Item 1.01. | Entry into a Material Definitive Agreement. |
The information required by this Item 1.01 is set forth under Item 8.01 below and is hereby incorporated by reference in response to this Item.
Item 2.03. | Creation of a Direct Financial Obligation or an Obligation Under an Off-Balance Sheet Arrangement of a Registrant. |
The information required by this Item 2.03 is set forth under Item 8.01 below and is hereby incorporated by reference in response to this Item.
On May 25, 2023, BGC Partners, Inc. (the “Registrant,” “BGC Partners,” “BGC” or the “Company”) closed an offering of $350.0 million aggregate principal amount of its 8.000% senior notes due 2028 (the “8.000% Notes”). The initial purchasers in the offering were Goldman Sachs & Co. LLC, BofA Securities, Inc., Cantor Fitzgerald & Co., PNC Capital Markets LLC, Regions Securities LLC, Wells Fargo Securities, LLC, Capital One Securities, Inc., Fifth Third Securities, Inc., ICBC Standard Bank Plc, BMO Capital Markets Corp., Santander Investment Securities Inc., UMB Financial Services, Inc., Citizens Capital Markets, Inc., KeyBanc Capital Markets Inc., U.S. Bancorp Investments, Inc., CastleOak Securities, L.P., and Piper Sandler & Co. The Company received net proceeds from the offering of the 8.000% Notes of approximately $346.8 million after deducting the initial purchasers’ discounts and commissions and estimated offering expenses.
The 8.000% Notes were issued pursuant to an Indenture, dated as of September 27, 2019 (the “Base Indenture”), as supplemented by the Third Supplemental Indenture, dated as of May 25, 2023 (the “Third Supplemental Indenture” and, together with the Base Indenture, the “Indenture”), between the Company and Computershare Trust Company, N.A. as successor to Wells Fargo Bank, National Association, as trustee (the “Trustee”). The 8.000% Notes bear interest at a rate of 8.000% per year, payable in cash on May 25 and November 25 of each year, commencing November 25, 2023. The 8.000% Notes will mature on May 25, 2028. The Company intends to use the net proceeds from the sale of the 8.000% Notes, along with cash on hand and the proceeds of other indebtedness, if any, to repurchase, redeem and/or repay at maturity all $450.0 million outstanding aggregate principal amount of its 5.375% Senior Notes due 2023, including to pay any applicable redemption premium.

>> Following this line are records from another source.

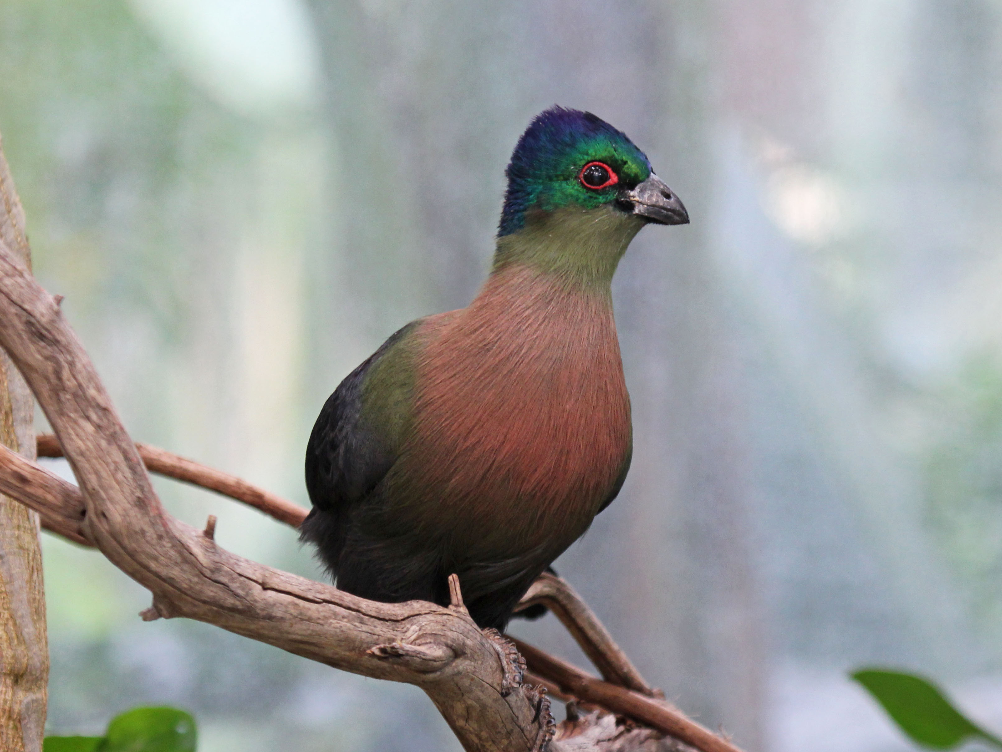 Purple-crested Turaco (Tauraco porphyreolophus) - San Diego Zoo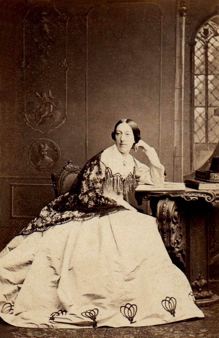 Totleben Viktorina Leontievna (Elizabeth Louise Victorina, nee Baroness von Hauff, 1833—1907 — wife of Count E. I. Totleben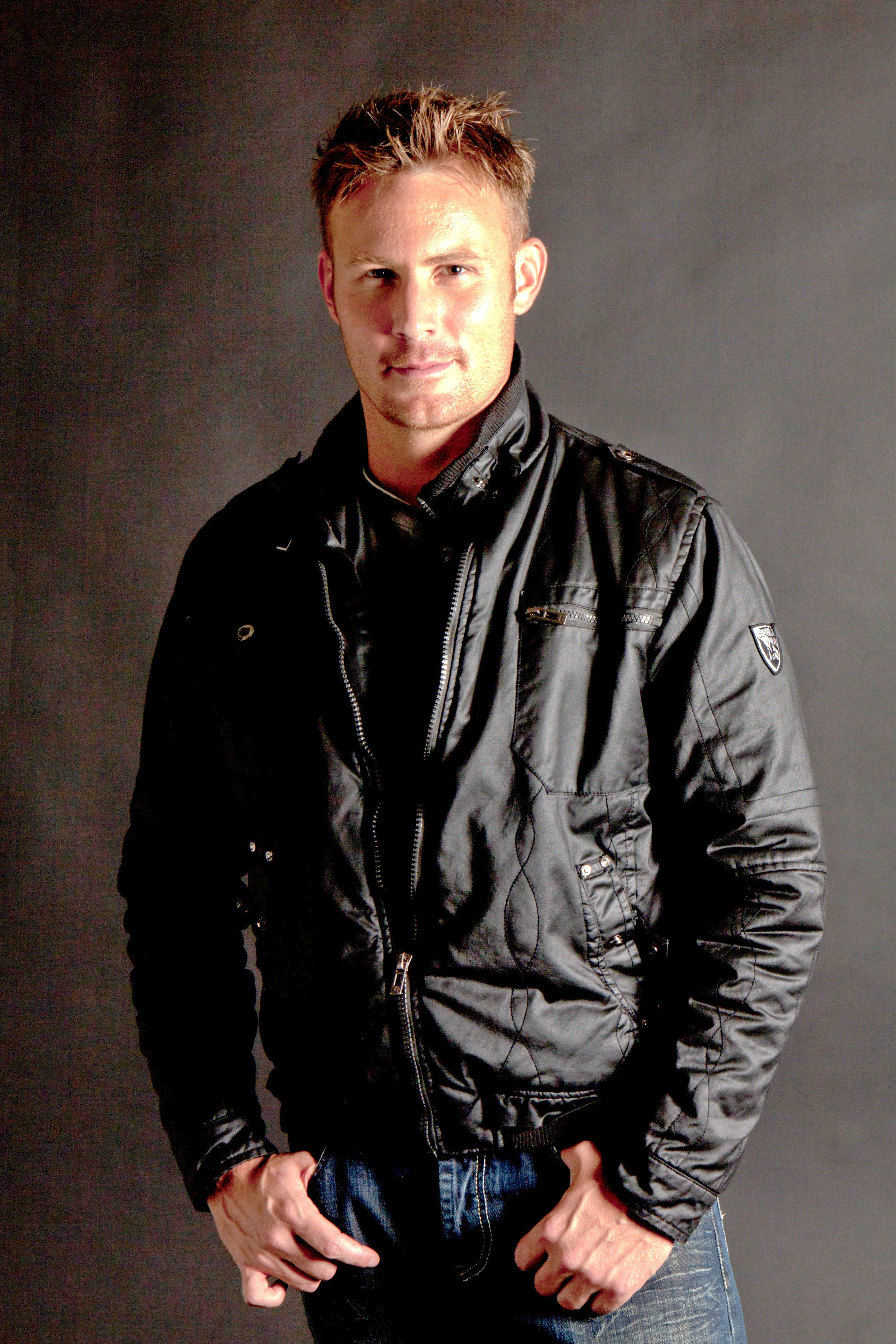 Jason Hartman in 2012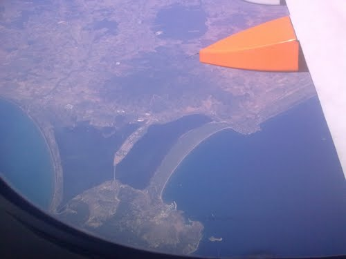 Orbetello Lagoon seen from airplain during a trip.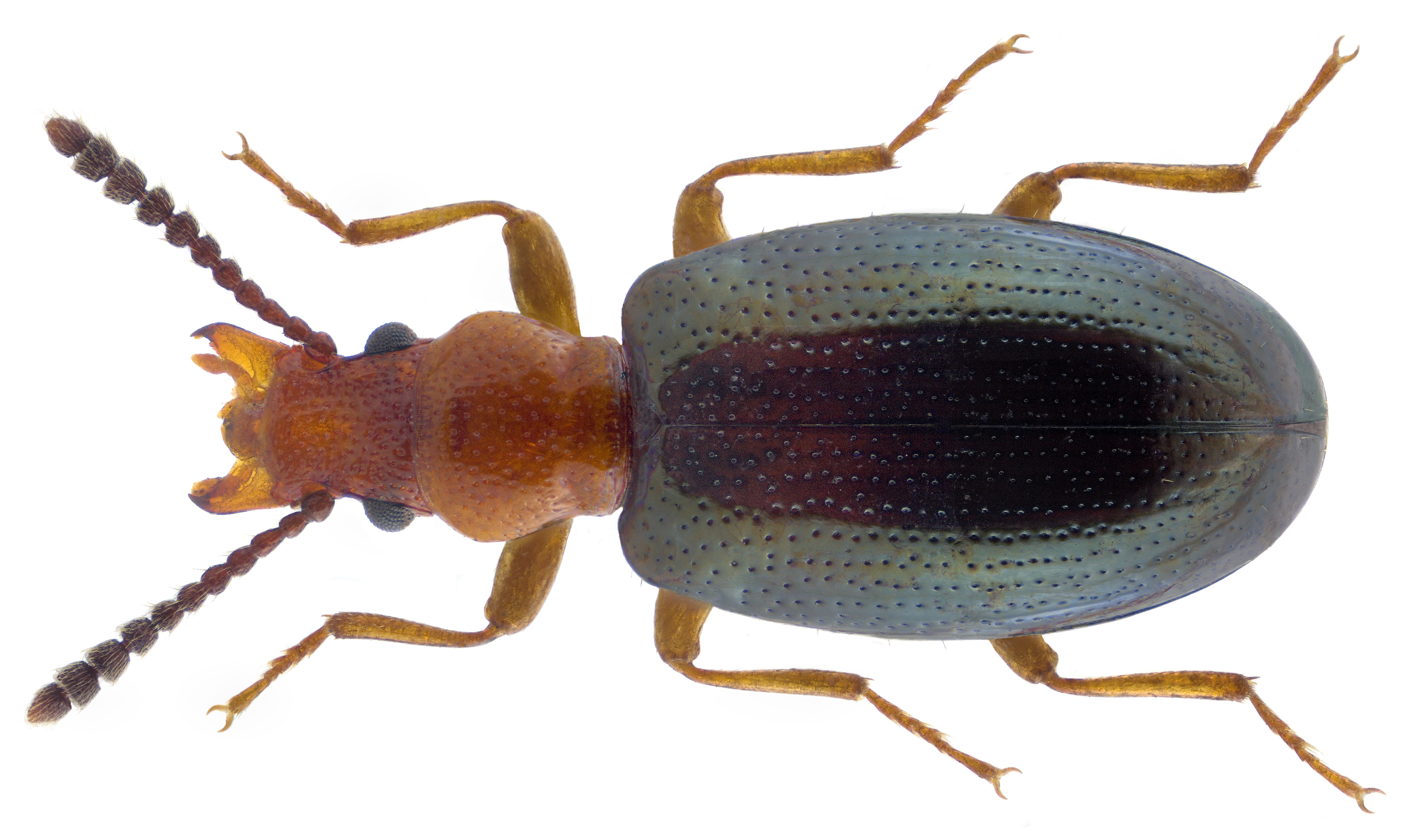 Family: Salpingidae Size: 3.5 mm (2.5 to 3.5 mm) Distribution: Europe Ecology: Development in rotten hardwood, imagines under loose bark Location: England, Savernake leg.det. D.R.Nash, 2.IV.1970 Coll. Oxford University Museum of Natural History Photo: U.Schmidt, 2018

The Company may redeem some or all of the 8.000% Notes at any time or from time to time for cash (i) prior to April 25, 2028 at certain “make-whole” redemption prices (as set forth in the Indenture) and (ii) on or after April 25, 2028, at 100% of the principal amount of such notes. If a “Change of Control Triggering Event” (as defined in the Indenture) occurs, holders may require the Company to purchase all or a portion of their 8.000% Notes for cash at a price equal to 101% of the principal amount of the notes to be purchased plus any accrued and unpaid interest to, but excluding, the purchase date.
The 8.000% Notes are general senior unsecured obligations of the Company.
The Indenture contains customary covenants, such as reporting of annual and quarterly financial results, and restrictions on certain mergers and consolidations. The 8.000% Notes and the Indenture do not contain any financial covenants.
The 8.000% Notes and the Indenture contain customary events of default, including failure to pay principal or interest, breach of covenants, cross-acceleration to other debt in excess of $100 million and bankruptcy events, all subject to terms, including notice and cure periods, set forth in the Indenture.
The 8.000% Notes were offered and sold only to qualified institutional buyers (as defined in Rule 144A under the Securities Act of 1933, as amended (the “Securities Act”)) and to non-U.S. persons (as defined in Regulation S under the Securities Act) pursuant to Regulation S. The notes have not been registered under the Securities Act or any other securities laws and may not be offered or sold in the United States absent registration or an applicable exemption from registration requirements.